# [Dataset section]

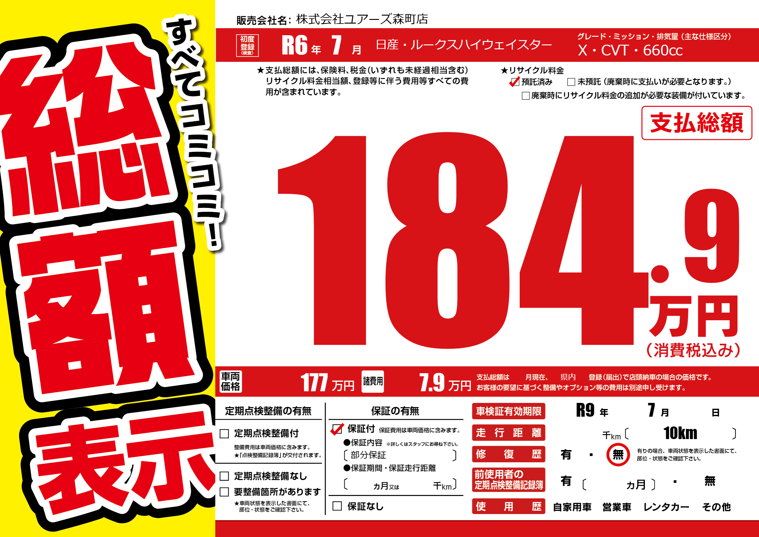 | 車名 | 日産・ルークスハイウェイスター | グレード ミッション 排気量 |
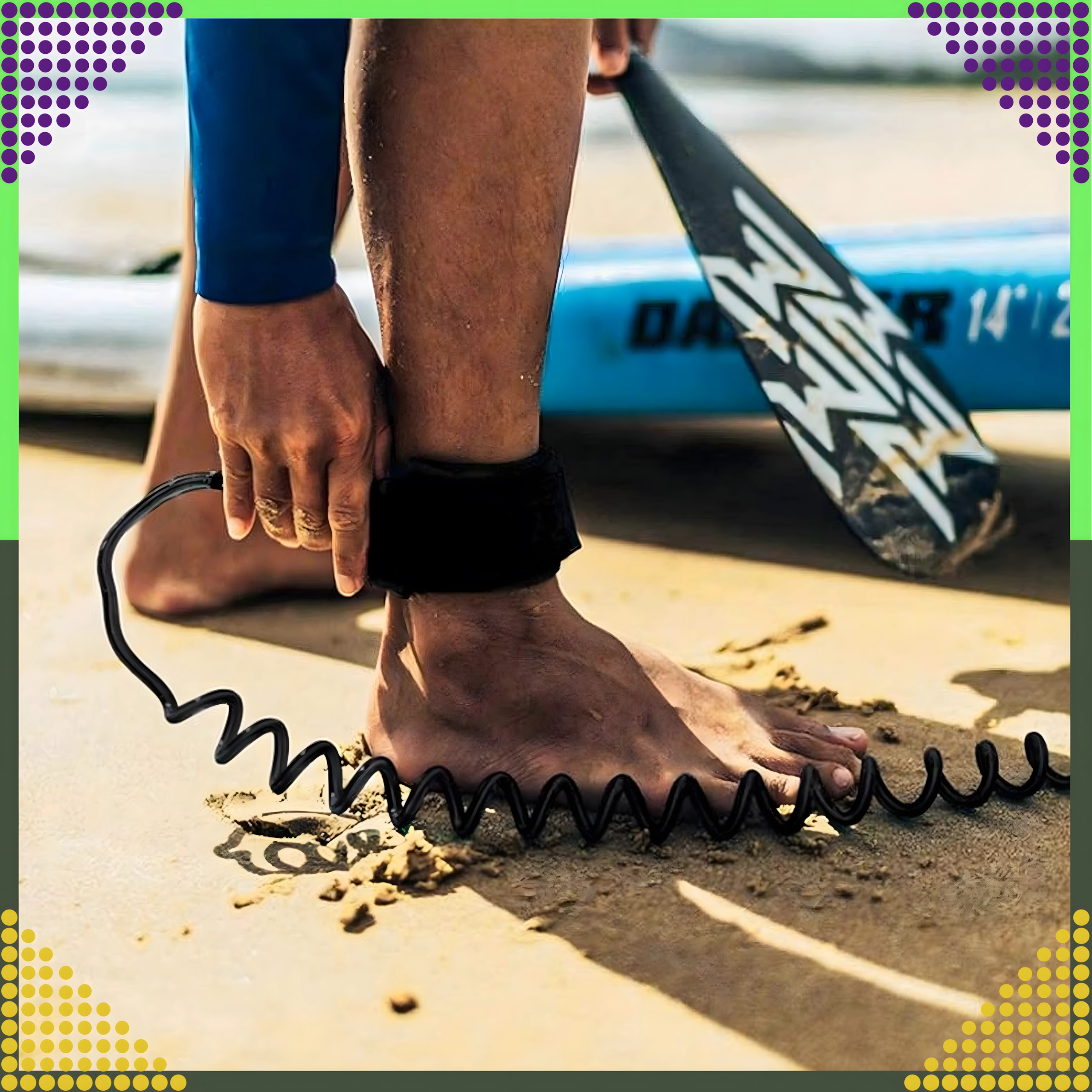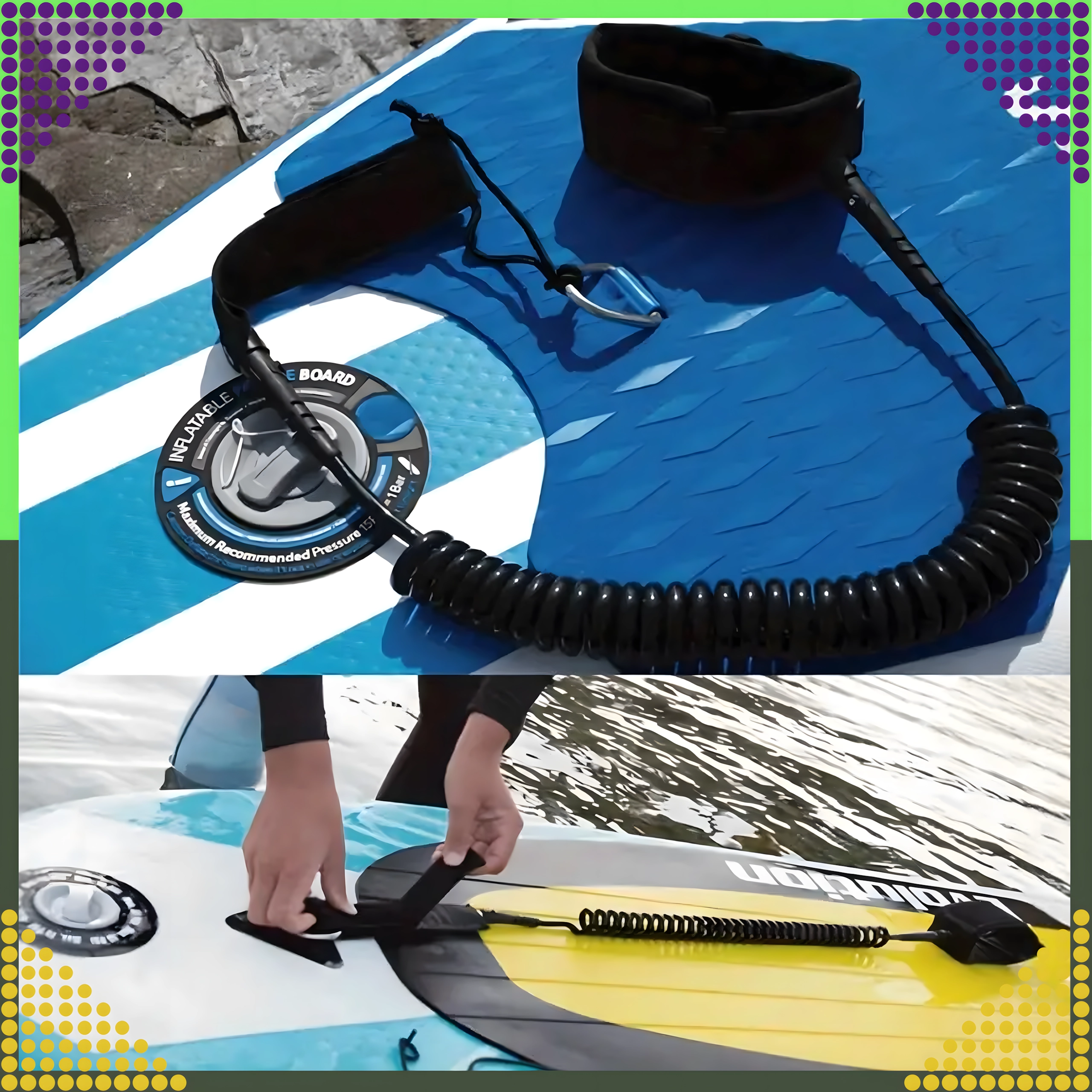 Ta varnostna SUP leash je ključen pripomoček za vsakega suparja. Spiralna TPU vrvica zmanjšuje upor v vodi in omejuje vlečenje za seboj, medtem ko mehko oblazinjena manšeta za gleženj z ježkastim zapiranjem drži zanesljivo in udobno tudi pri daljših izletih.
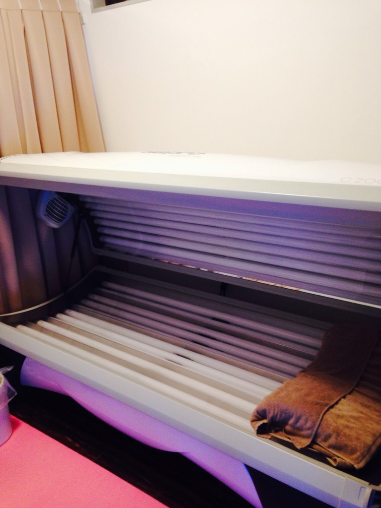 ここに寝そべり光を浴びると、真皮まで届いてコラーゲンが活性され、
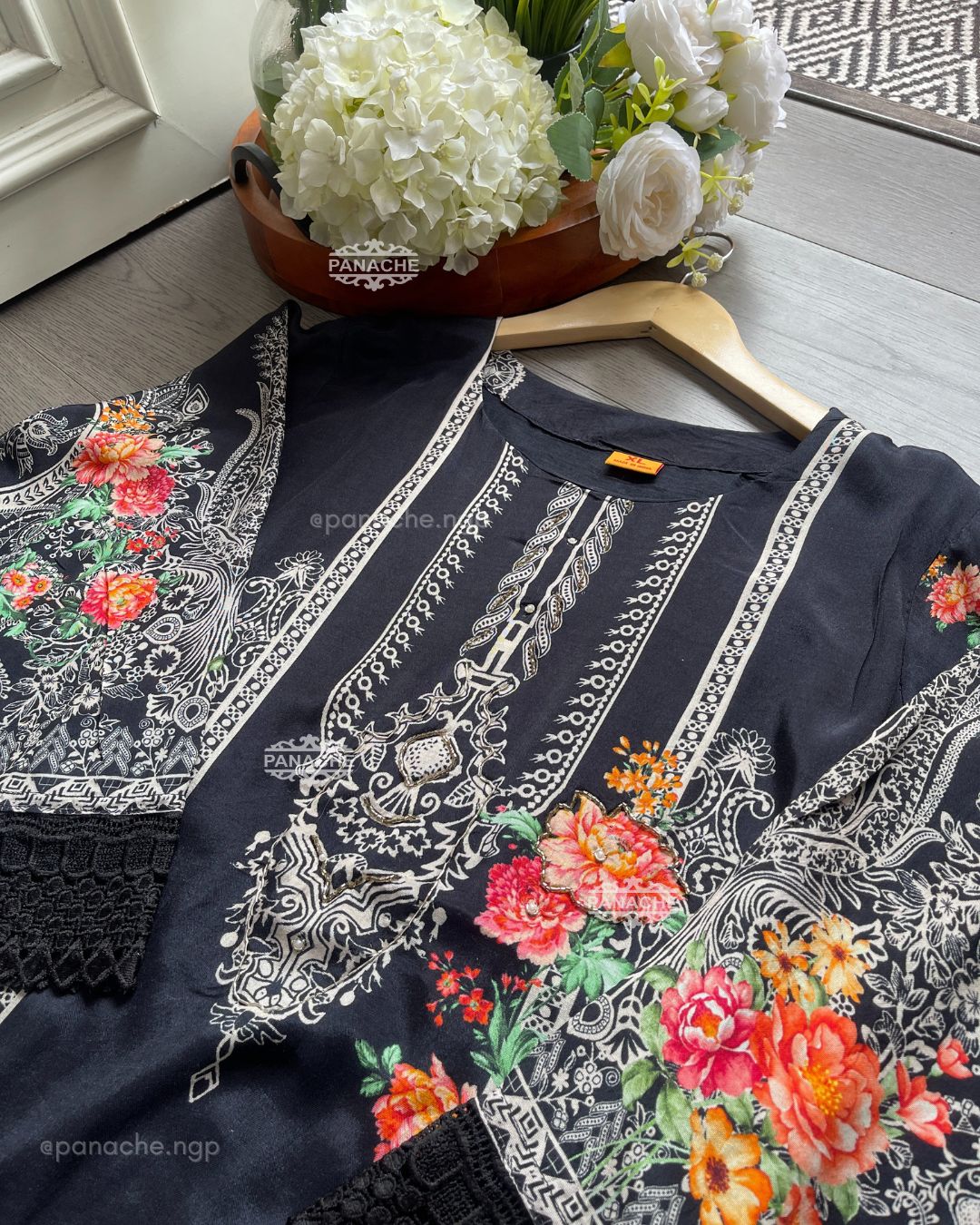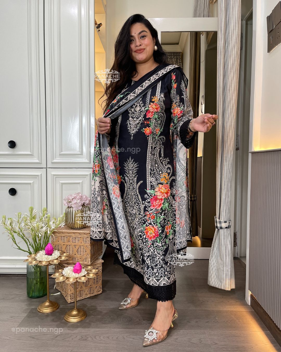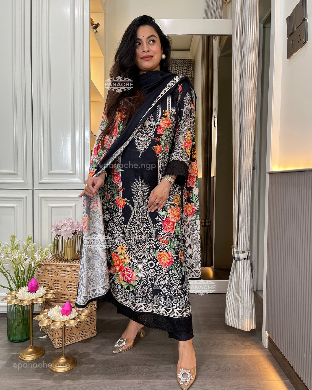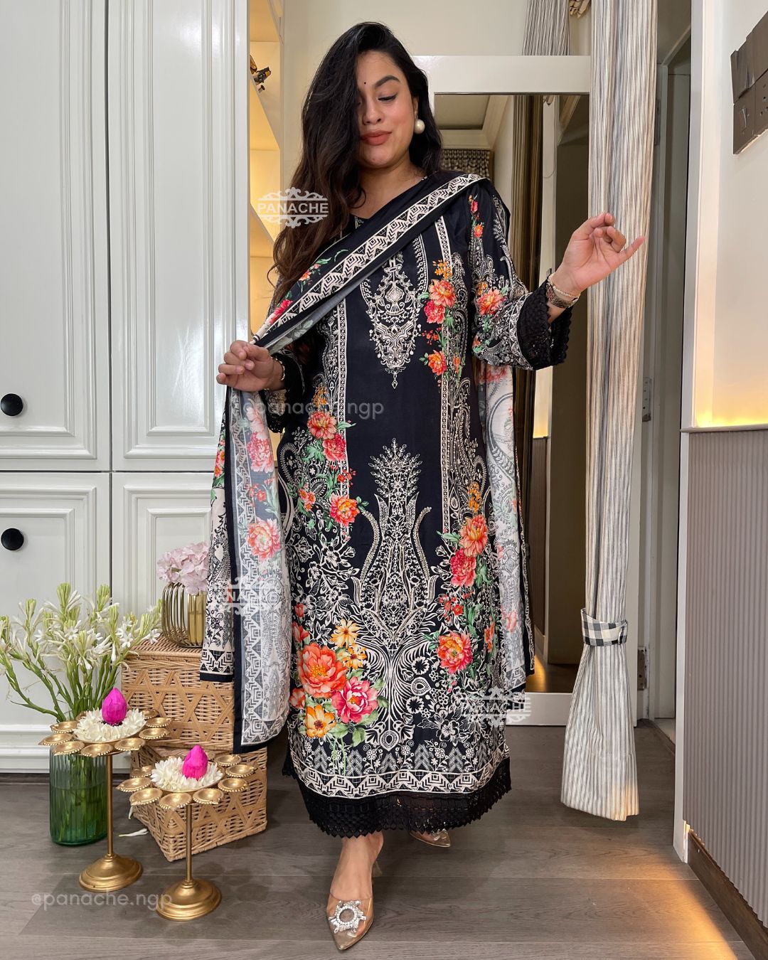 🟣 Front and back printed set with a placement print on kurta front back with plain pants and printed dupatta, crosia details in Daman of kurta and sleeves

# [Your goal]
Copy the whole listing above word for word but do not carry over the pictures.

# [Exercise output]
 | 車名 | 日産・ルークスハイウェイスター | グレード ミッション 排気量 |
 Ta varnostna SUP leash je ključen pripomoček za vsakega suparja. Spiralna TPU vrvica zmanjšuje upor v vodi in omejuje vlečenje za seboj, medtem ko mehko oblazinjena manšeta za gleženj z ježkastim zapiranjem drži zanesljivo in udobno tudi pri daljših izletih.
 ここに寝そべり光を浴びると、真皮まで届いてコラーゲンが活性され、
 🟣 Front and back printed set with a placement print on kurta front back with plain pants and printed dupatta, crosia details in Daman of kurta and sleeves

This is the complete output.